Collectors may need a roadmap to navigate this sale’s extensive selection of breathtaking and highly desirable antique signs. Several special single sided porcelain examples merit a double-take. Lot #311, a red, white, and blue Wyeth sign featuring a boy sitting in a pile of tires is estimated at $15,000-30,000. This rarity, with great wheel-appeal, has excellent color and gloss and is marked “Burdick.” Lot #84, a diecut Good Luck Service sign with a horseshoe logo gets the green light for its $5,000-7,500 estimate. This auspicious example is marked “Texlite Dallas” and has an excellent overall presentation. Another strong representative in this group is lot #65, a Havoline “Drain and Refill with the Power Oil” sign, estimated at $2,000-4,000. It is marked “Property of Indian Refining Company, #4-1-2F” and has excellent gloss and color. And two examples from Mobile should get collectors’ engines revving. The first, lot #53, is a 1961 right facing Pegasus cookie cutter sign which takes flight at $4,000-7,000. The second, lot #58, is a Mobiloil sign featuring the company’s early 20th century gargoyle logo. This mythical masterpiece is marked “G.C. Advert St. Louis” and is estimated at $4,000-6,000.

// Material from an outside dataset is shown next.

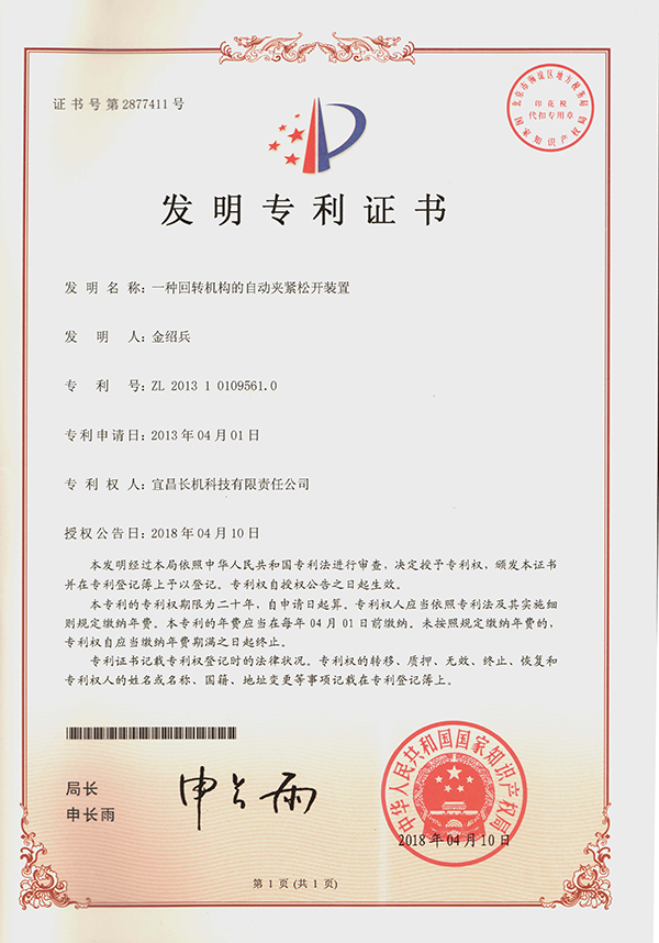 宜昌長機(jī)科技有限責(zé)任公司“一種插齒機(jī)電子螺旋導(dǎo)軌運(yùn)動控制方法”、“一種回轉(zhuǎn)機(jī)構(gòu)的自動夾緊松開裝置”榮獲發(fā)明專利。
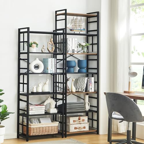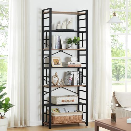 This bookshelf is a game-changer! The sturdy metal frame and rustic wood shelves give it a perfect industrial-chic look while holding tons of books and decor. Love how the X-shaped back adds stability—no wobbles at all. Super easy to assemble, and the rich brown finish elevates any room. Arrived quickly and well-packaged. Perfect for offices, living rooms, or bedrooms—so much storage without taking up too much floor space. Highly recommend!

Things are twice as nice with this auction’s array of double sided porcelain signs. Two selections featuring American Indian themes are headliners. Lot #51, a Musgo Gasoline Michigan’s Mile Maker sign illustrated with the company’s Chief logo, is estimated at $100,000-150,000. It has a fascinating backstory. According to Dan Matthews, Morphy’s expert and author of The Fine Art of Collecting and Displaying Petroliana, “…when Musgo went out of business, a plumber purchased the warehouse and used most of the Musgo signs for septic tank lids. Septic tank fumes are one of few things that eat porcelain off metal. As such, Musgo signs in excellent condition are extremely rare; the side facing the tank usually has the enamel completely worn off and the other side is usually between a 6 to 8 in condition. Around 1980, collectors started to research the location where the plumber had put in septic tanks and dug up several of the signs. This is one of those signs; we know of five to seven good Musgo signs and about the same number of dug up ones. This sign has one of the best sides of any of those that we have seen.” And it’s a profile in courage with lot #1, a rare Idaho Chief Gasoline sign featuring a red, blue, white, and white Indian in full headdress. This handsome example, with six bullet hits, has excellent gloss and color and is estimated at $10,000-20,000.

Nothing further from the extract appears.